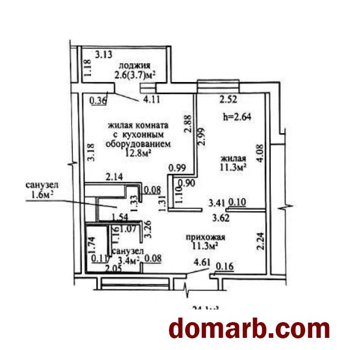 Потолки в квартире 2,64. Общая площадь по СНБ – 43 кв.м.
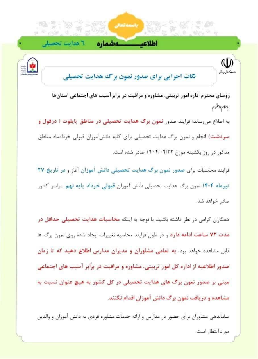 باتوجه به اینکه محاسبات هدایت تحصیلی حداقل تا ۷۲ ساعت ادامه دارد و در طول محاسبات تغییرات در نمون برگ هدایت تحصیلی قابل مشاهده است به اطلاع کلیه مدیران و مشاوران متوسطه اول می رسانیم که تا زمان صدور اطلاعیه رسمی از اداره کل امورتربیتی، مشاوره و مراقبت در برابر آسیب های اجتماعی وزارت مبنی بر صدرو نمون برگ هدایت تحصیلی، به هیچ عنوان نسبت به پرینت و دریافت نمون برگ اقدام ننمایند..⚠️
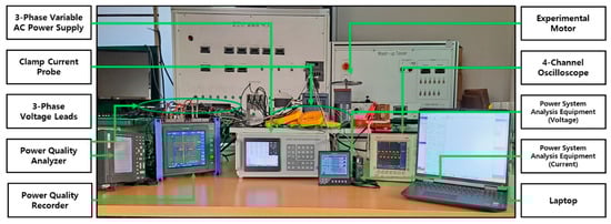 Electric energy is essential for all electrical machinery, and globally, motors account for approximately 43–46% of the total power consumption [1]. Improving the efficiency of electric motors plays a vital role not only in enhancing economic and environmental sustainability but also in reducing energy consumption and carbon dioxide emissions [2,3]. The efficient operation of motors, particularly in industrial and manufacturing processes, is crucial for increasing productivity and reducing operational costs [4]. In this context, motor fault diagnosis has emerged as a critical technology for extending motor lifespan and preventing emergency shutdowns [5]. However, conventional studies have primarily relied on vibration signals or current signals, which have limitations in recognizing complex fault patterns [6,7]. These methods struggled to accurately identify fault types [8] and often suffered from performance degradation in real-time analysis [9].
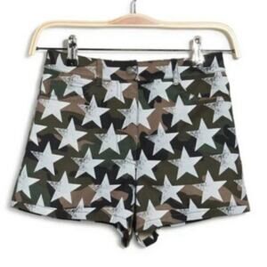 A high-waisted pair of shorts features a colorful star pattern for a chic new addition to your wardrobe. Sizing is European:
########################################
> _Try it_
Line by line, reproduce exactly the lines from the one containing "باتوجه به اینکه" through the final line of the material, both included, leaving every picture out.

> _Response for this exercise_
 باتوجه به اینکه محاسبات هدایت تحصیلی حداقل تا ۷۲ ساعت ادامه دارد و در طول محاسبات تغییرات در نمون برگ هدایت تحصیلی قابل مشاهده است به اطلاع کلیه مدیران و مشاوران متوسطه اول می رسانیم که تا زمان صدور اطلاعیه رسمی از اداره کل امورتربیتی، مشاوره و مراقبت در برابر آسیب های اجتماعی وزارت مبنی بر صدرو نمون برگ هدایت تحصیلی، به هیچ عنوان نسبت به پرینت و دریافت نمون برگ اقدام ننمایند..⚠️
 Electric energy is essential for all electrical machinery, and globally, motors account for approximately 43–46% of the total power consumption [1]. Improving the efficiency of electric motors plays a vital role not only in enhancing economic and environmental sustainability but also in reducing energy consumption and carbon dioxide emissions [2,3]. The efficient operation of motors, particularly in industrial and manufacturing processes, is crucial for increasing productivity and reducing operational costs [4]. In this context, motor fault diagnosis has emerged as a critical technology for extending motor lifespan and preventing emergency shutdowns [5]. However, conventional studies have primarily relied on vibration signals or current signals, which have limitations in recognizing complex fault patterns [6,7]. These methods struggled to accurately identify fault types [8] and often suffered from performance degradation in real-time analysis [9].
 A high-waisted pair of shorts features a colorful star pattern for a chic new addition to your wardrobe. Sizing is European:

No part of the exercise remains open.